- **Your goal**: Each line of the data must be written out again verbatim; no image belongs in the copy.

- **Given data**:
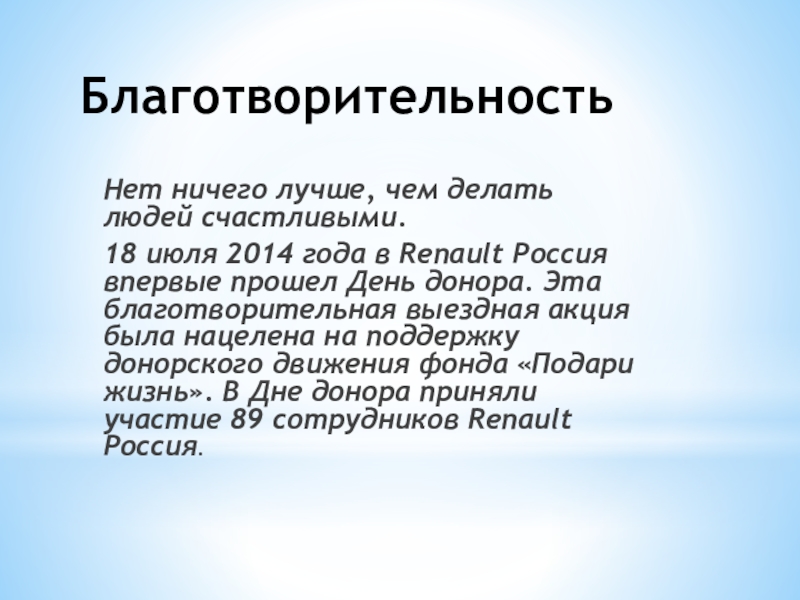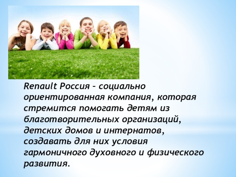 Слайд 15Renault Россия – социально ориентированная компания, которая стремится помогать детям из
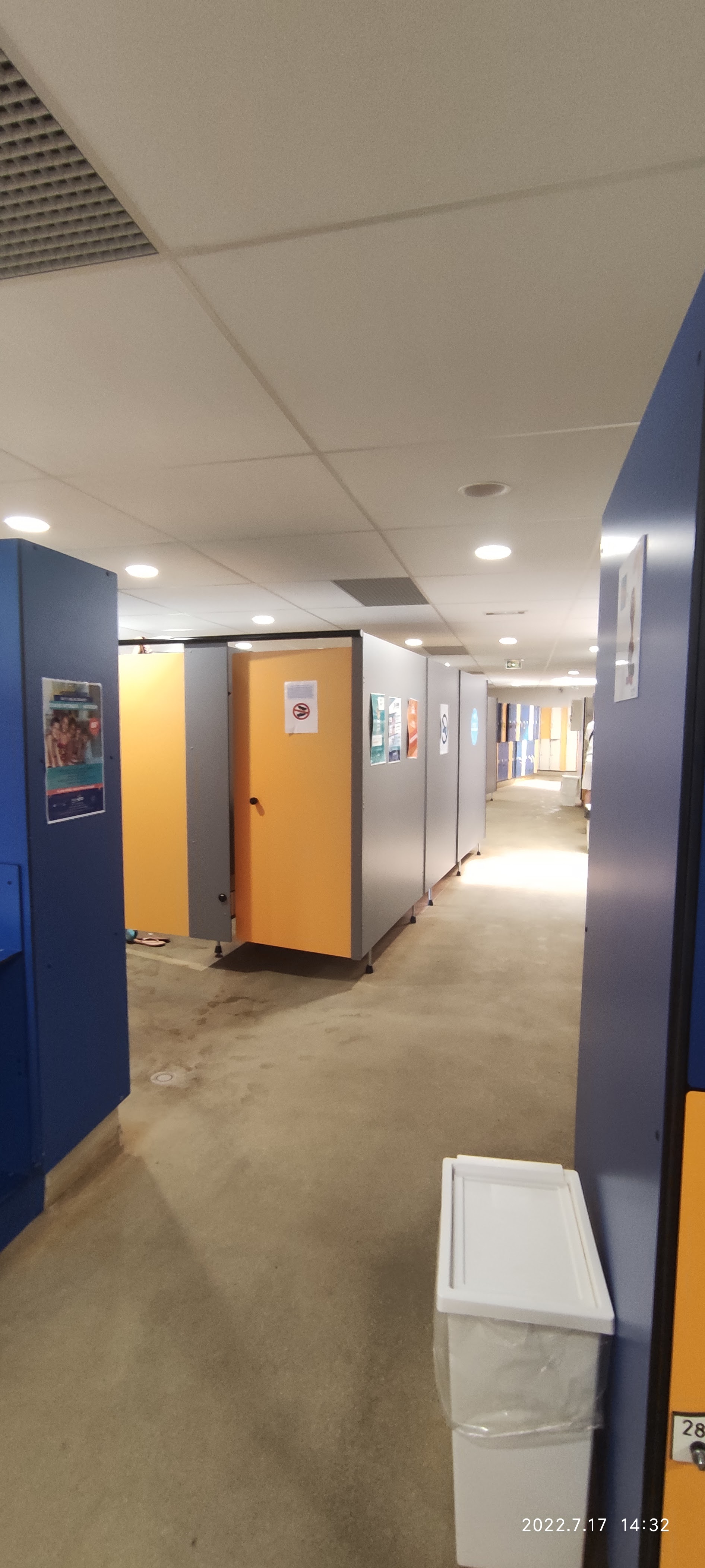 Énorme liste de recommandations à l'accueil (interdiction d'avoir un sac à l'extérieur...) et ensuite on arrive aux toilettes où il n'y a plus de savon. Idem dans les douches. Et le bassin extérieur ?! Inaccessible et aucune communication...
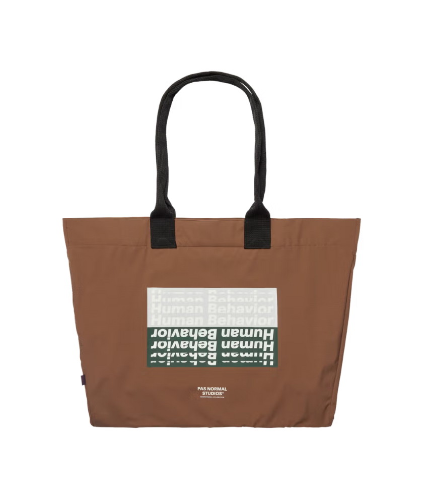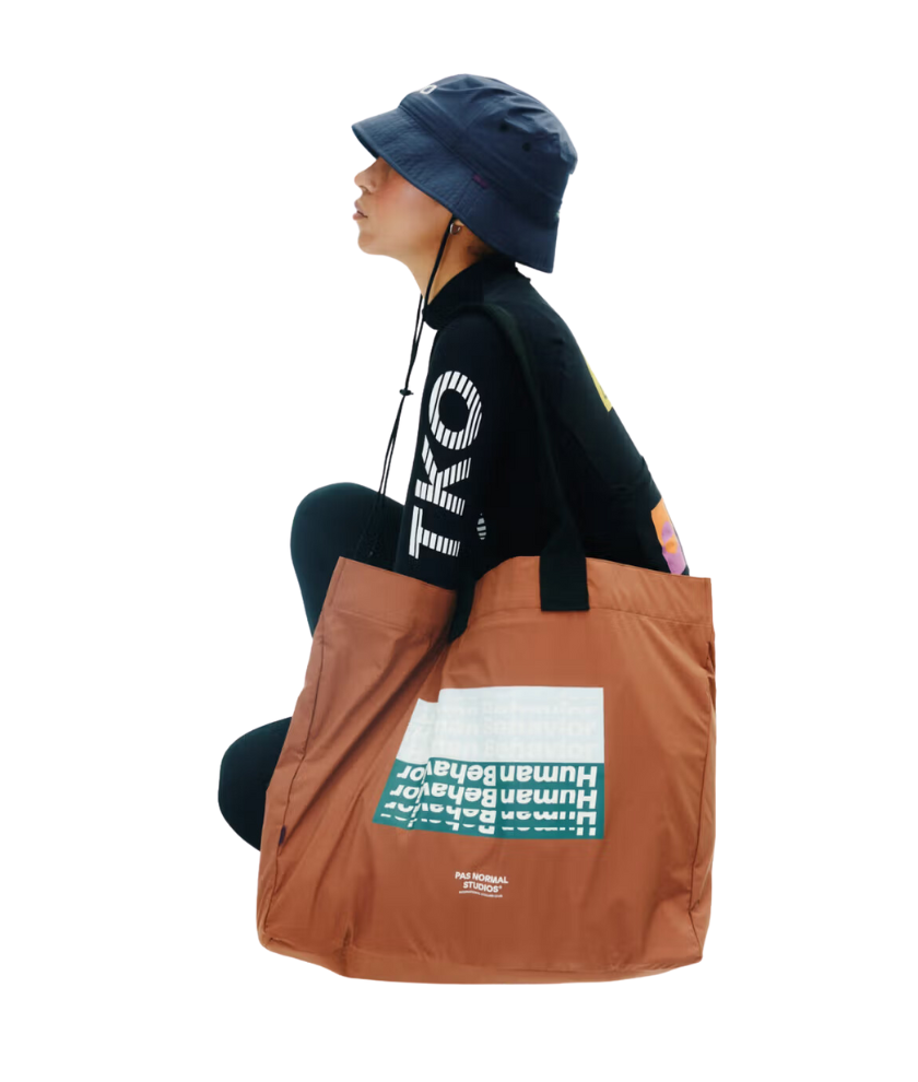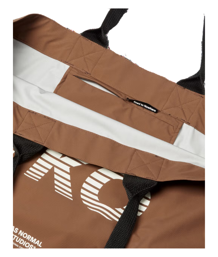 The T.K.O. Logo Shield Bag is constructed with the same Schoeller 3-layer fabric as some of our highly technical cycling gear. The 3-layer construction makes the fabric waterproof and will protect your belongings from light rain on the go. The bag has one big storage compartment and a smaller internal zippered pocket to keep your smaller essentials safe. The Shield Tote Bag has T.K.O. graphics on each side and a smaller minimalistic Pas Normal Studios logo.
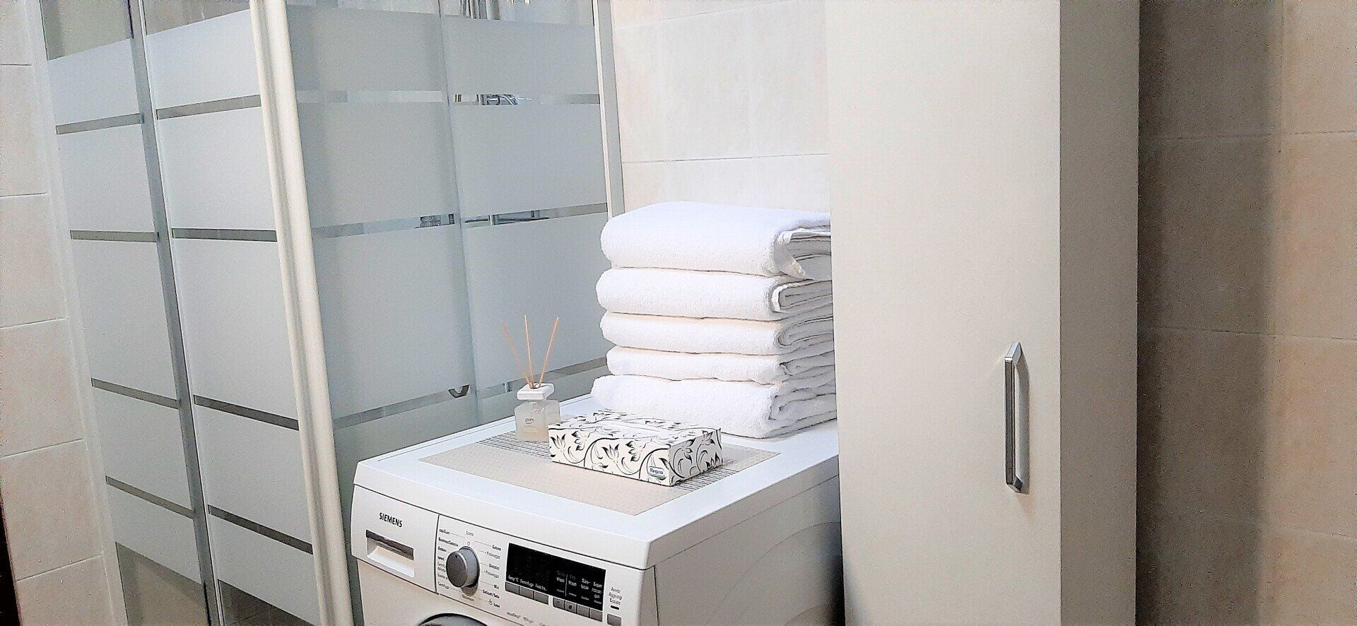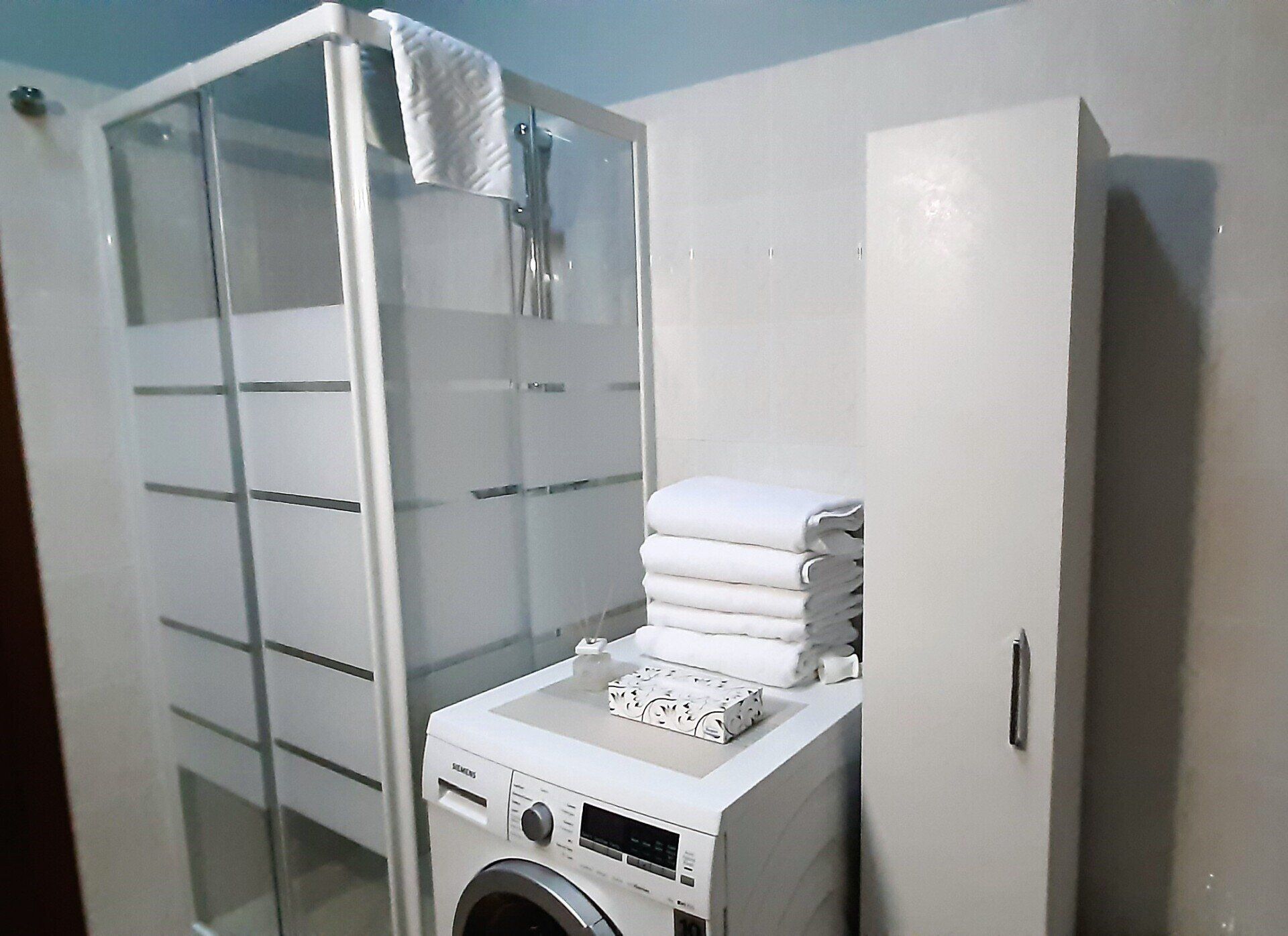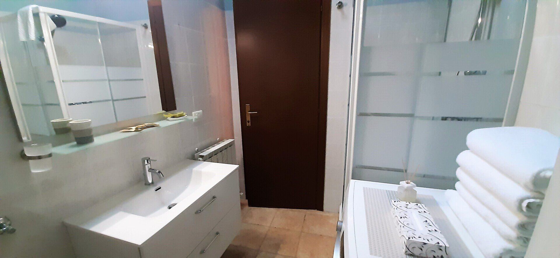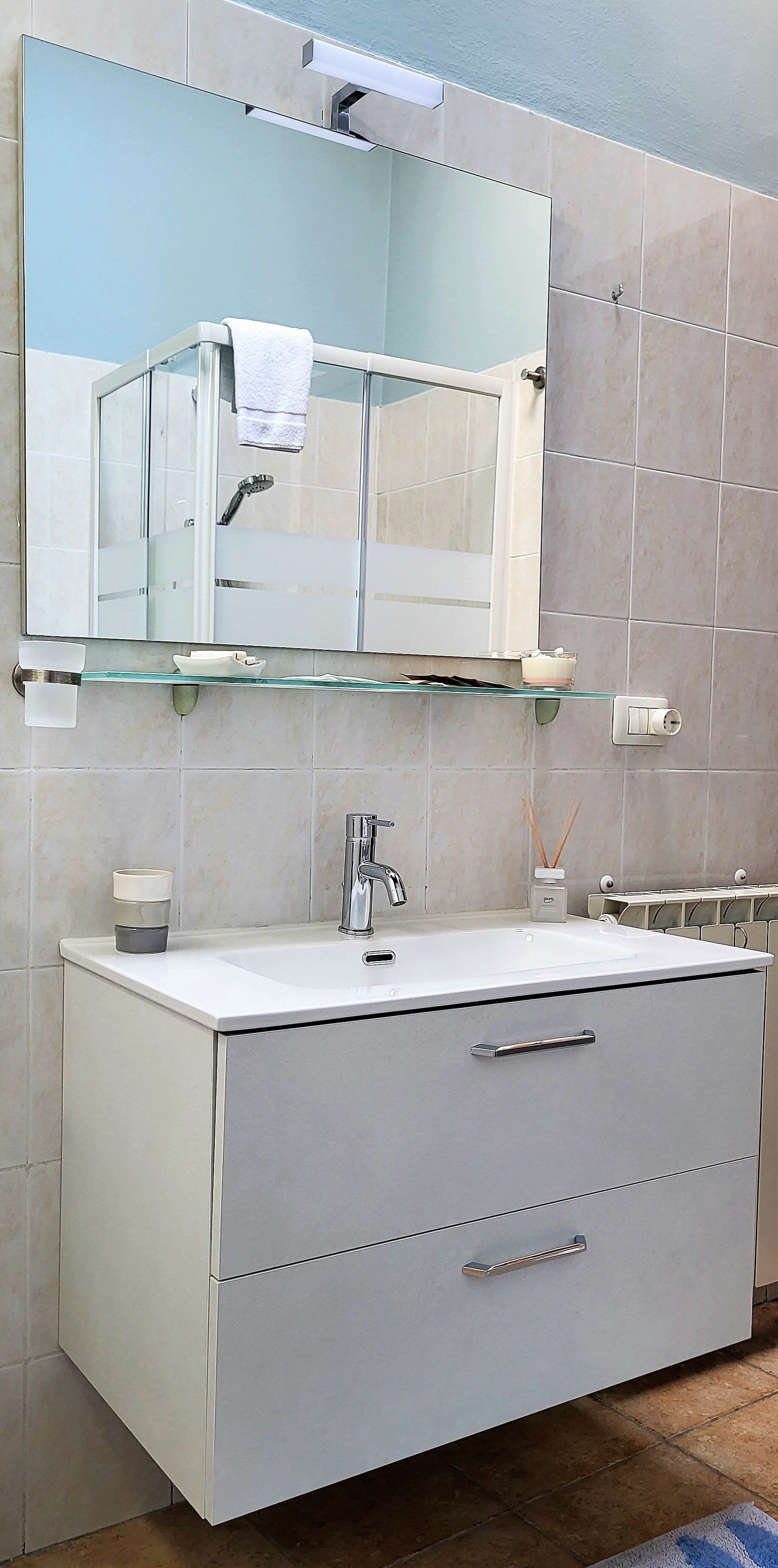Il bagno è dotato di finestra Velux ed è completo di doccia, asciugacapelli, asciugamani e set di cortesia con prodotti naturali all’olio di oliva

- **Answer to this problem**:
 Слайд 15Renault Россия – социально ориентированная компания, которая стремится помогать детям из
 Énorme liste de recommandations à l'accueil (interdiction d'avoir un sac à l'extérieur...) et ensuite on arrive aux toilettes où il n'y a plus de savon. Idem dans les douches. Et le bassin extérieur ?! Inaccessible et aucune communication...
 The T.K.O. Logo Shield Bag is constructed with the same Schoeller 3-layer fabric as some of our highly technical cycling gear. The 3-layer construction makes the fabric waterproof and will protect your belongings from light rain on the go. The bag has one big storage compartment and a smaller internal zippered pocket to keep your smaller essentials safe. The Shield Tote Bag has T.K.O. graphics on each side and a smaller minimalistic Pas Normal Studios logo.
Il bagno è dotato di finestra Velux ed è completo di doccia, asciugacapelli, asciugamani e set di cortesia con prodotti naturali all’olio di oliva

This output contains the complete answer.